A federal economic relief package passed by Congress in March promised to provide a lifeline for hospitals, particularly those in rural communities where many facilities struggled to survive even before the coronavirus pandemic.

But over the past 10 months, the distribution of more than $100 billion in CARES Act funding for health care providers has been plagued by a dizzying rollout and, at times, contradictory guidelines for how to use the funding.The result has been a patchwork of problems for rural hospitals, which were already at far greater risk of closure than other health care facilities and in dire need of help, The Frontier and ProPublica found. The scope of those problems is clearly visible in Oklahoma, which tied for the third-highest number of hospital closures in the country in the nine years before the pandemic.

One hospital used more than $1 million in federal aid to pay off its years-old debt to a management company that left before Oklahoma’s first coronavirus case was diagnosed, a potential violation of federal guidelines that could require the hospital to return the money, according to experts.

Three Oklahoma hospitals that were purchased last year after filing for bankruptcy were unable to access more than $6 million in funds deposited by the Department of Health and Human Services, the agency in charge of the rollout for health care providers. The money was instead deposited into accounts tied to the previous owners, leaving the new owners with few options as they tried to keep the facilities from becoming insolvent.

And administrators at yet other hospitals have left millions in relief aid untouched, spiraling deeper into debt for fear that the wrong decision could force them to return money.

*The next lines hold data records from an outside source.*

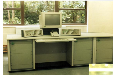
Microlab Mk3 Operators control panel and rack mounting system (Prototype)

Sadler Associates created a consistent product identity across companies along with a modular packaging for the individual products that met and exceeded the requirements.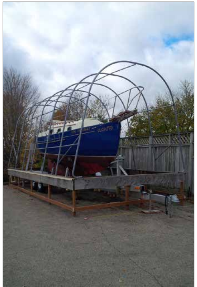
The finished wooden framing and supports.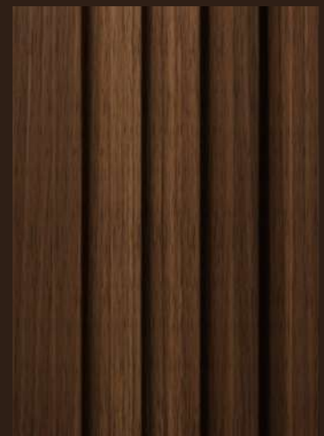
113 Smoked Walnut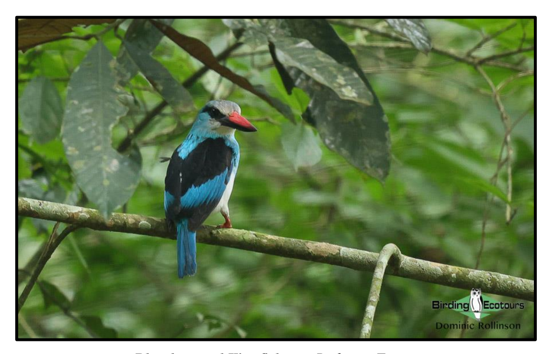
Blue-breasted Kingfisher in Budongo Forest.

morning here and enjoyed our lunch in the shade of the massive trees which make up this impressive forest. Over the course of the morning, we managed to find White-thighed Hornbill, Chestnut Wattle-eye, Brown-eared and Yellow-crested (Golden-crested) Woodpeckers, Little Grey and White-throated Greenbuls, Chestnut-capped Flycatcher, Rufous-crowned Eremomela, Fraser's Rufous Thrush, Fraser's Forest Flycatcher and Green Twinspot. Kingfishers were omnipresent in the forest and we had multiple looks at African Pygmy Kingfishers, good looks at a single Blue-breasted Kingfisher, brief views of African Dwarf Kingfisher, but could not get onto the many vocal Chocolate-backed Kingfishers. Small groups of the unusual Spotted Greenbul kept us entertained as they flew about and occasionally lifted one of their wings, a curious and distinctive behaviour of this species. We also spent some time luring out a White-spotted Flufftail which everyone managed to get brief looks at – comparatively good looks for a flufftail!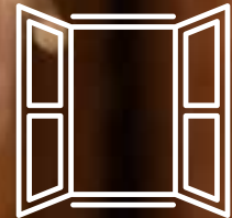
EXTRA-LARGE WINDOWS FOR CROSS-VENTILATION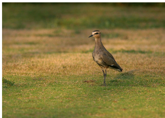
Sociable Lapwing, Kibbutz Lotan 26.3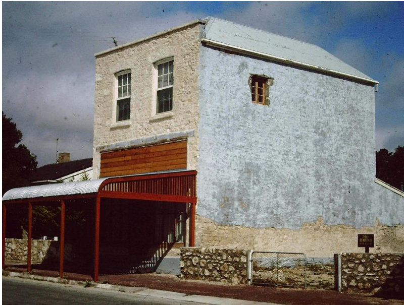
Davison's Shop undergoing conservation work and alterations, c.1981.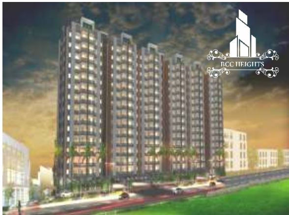
Raibarely Road, Near PGI

“Every day we have new rules, new guidelines, and it’s a struggle,” said Shelly Dunham, CEO of Okeene Municipal Hospital in western Oklahoma. Dunham said she used only $50,000 of the $3 million the hospital received in April and May because of concerns that the facility would have to return the money. “I can’t say we need more money right now. We just need to be able to keep what they’ve given us.”

Under the CARES Act, funding can be used to prevent, prepare for and respond to the coronavirus or to help with expenses or losses caused by COVID-19. The problem is in the details, which Congress left to HHS.

HHS has primarily managed concerns by publicly releasing responses to more than 100 frequently asked questions. Those responses have sometimes contradicted previous guidance from the agency, leaving health care providers confused about how money can be used and what the agency would seek to claw back. The whipsawing guidance has covered a range of topics, including how health care providers could calculate losses from the pandemic and whether they could use the money to pay for long-term capital improvement projects such as new heating, ventilating and air conditioning systems.

“Hospitals’ challenge right now is keeping their doors open and paying their debts,” said Carrie Cochran-McClain, vice president of government affairs and policy for the National Rural Health Association. “There is not enough flexibility to help providers really use the funds as Congress intended for the kinds of things that they need to address for COVID.”

Rural hospitals across Oklahoma and the country are disappearing at an alarming pace that could hasten without help from the federal government, Cochran-McClain said. In 2019, the year before the coronavirus pandemic, rural hospital closures reached a record high, with 18 nationwide. Texas led the country with three closures. Tennessee, Kansas and Oklahoma followed with two each.

Last year, despite the infusion of federal funding, another 17 rural hospitals shuttered, bringing the total number of closures since 2005 to 176.